**Data:**

....

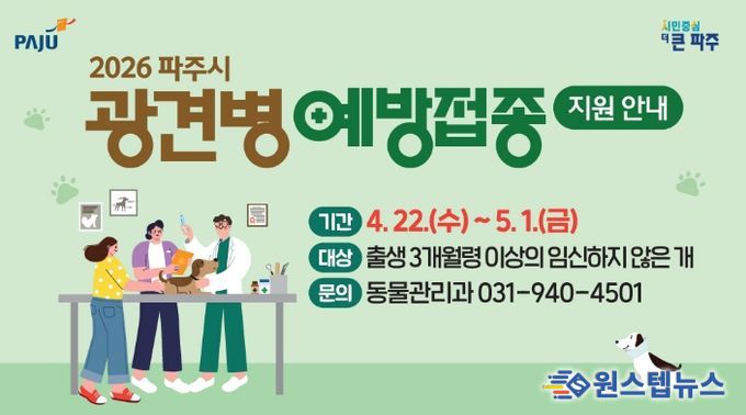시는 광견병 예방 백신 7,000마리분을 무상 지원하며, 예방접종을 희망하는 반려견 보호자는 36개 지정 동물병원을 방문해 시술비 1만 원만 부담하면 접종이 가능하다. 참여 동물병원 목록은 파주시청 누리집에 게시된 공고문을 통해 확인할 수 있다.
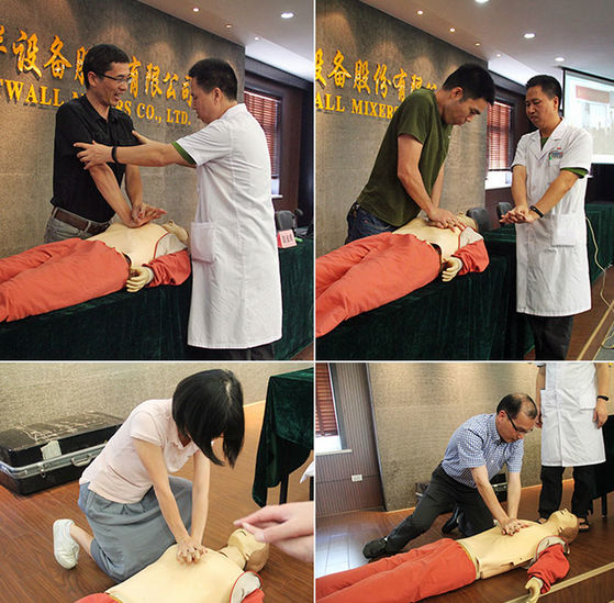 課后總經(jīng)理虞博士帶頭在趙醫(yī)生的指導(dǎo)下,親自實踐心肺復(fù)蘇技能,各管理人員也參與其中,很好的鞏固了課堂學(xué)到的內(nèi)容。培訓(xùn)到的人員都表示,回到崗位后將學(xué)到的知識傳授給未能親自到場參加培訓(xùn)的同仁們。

....

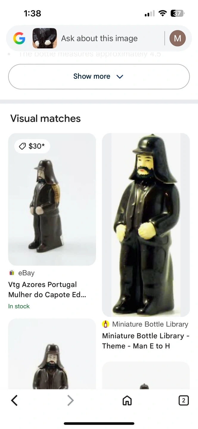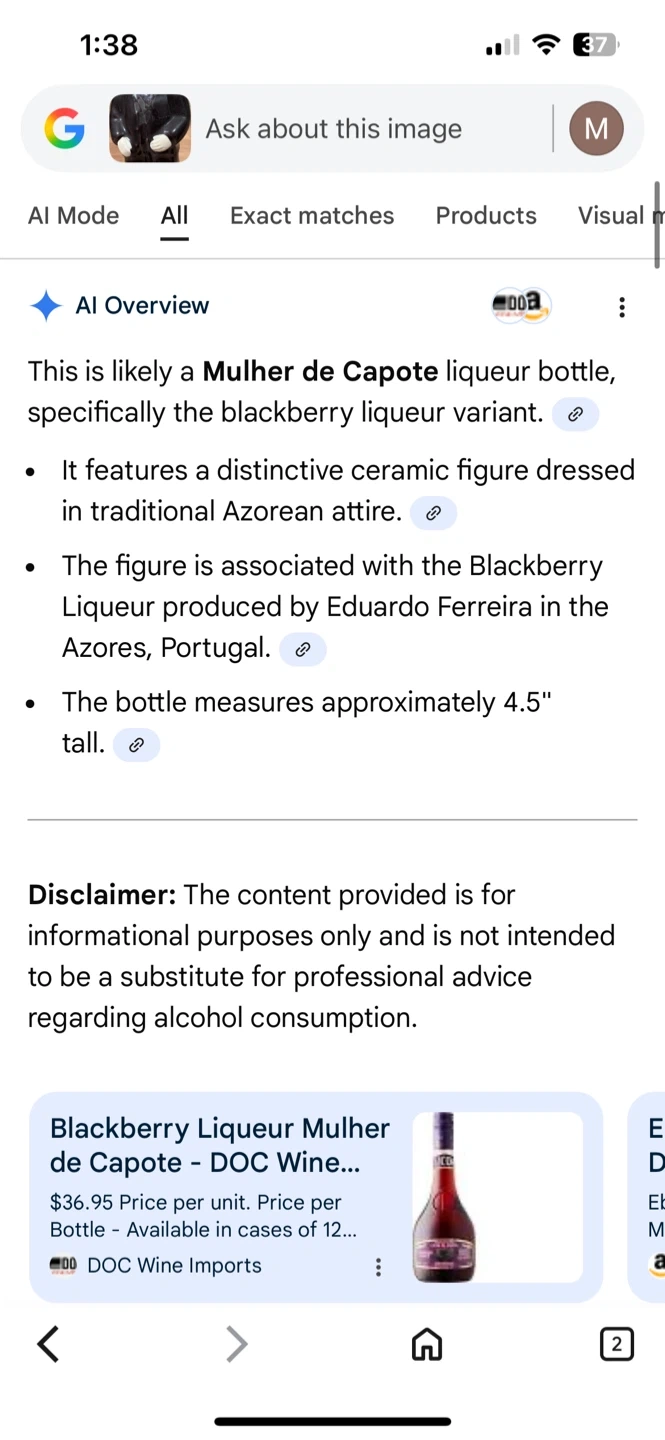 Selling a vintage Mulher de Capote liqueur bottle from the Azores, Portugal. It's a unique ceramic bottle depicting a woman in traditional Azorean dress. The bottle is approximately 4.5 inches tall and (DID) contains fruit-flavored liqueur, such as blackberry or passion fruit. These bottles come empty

....

Between and including the line above that contains "시는 광견병 예방 백신" and the line that contains "課后總經(jīng)理虞博士", restate every line word for word. Pictures stay out.

시는 광견병 예방 백신 7,000마리분을 무상 지원하며, 예방접종을 희망하는 반려견 보호자는 36개 지정 동물병원을 방문해 시술비 1만 원만 부담하면 접종이 가능하다. 참여 동물병원 목록은 파주시청 누리집에 게시된 공고문을 통해 확인할 수 있다.
 課后總經(jīng)理虞博士帶頭在趙醫(yī)生的指導(dǎo)下,親自實踐心肺復(fù)蘇技能,各管理人員也參與其中,很好的鞏固了課堂學(xué)到的內(nèi)容。培訓(xùn)到的人員都表示,回到崗位后將學(xué)到的知識傳授給未能親自到場參加培訓(xùn)的同仁們。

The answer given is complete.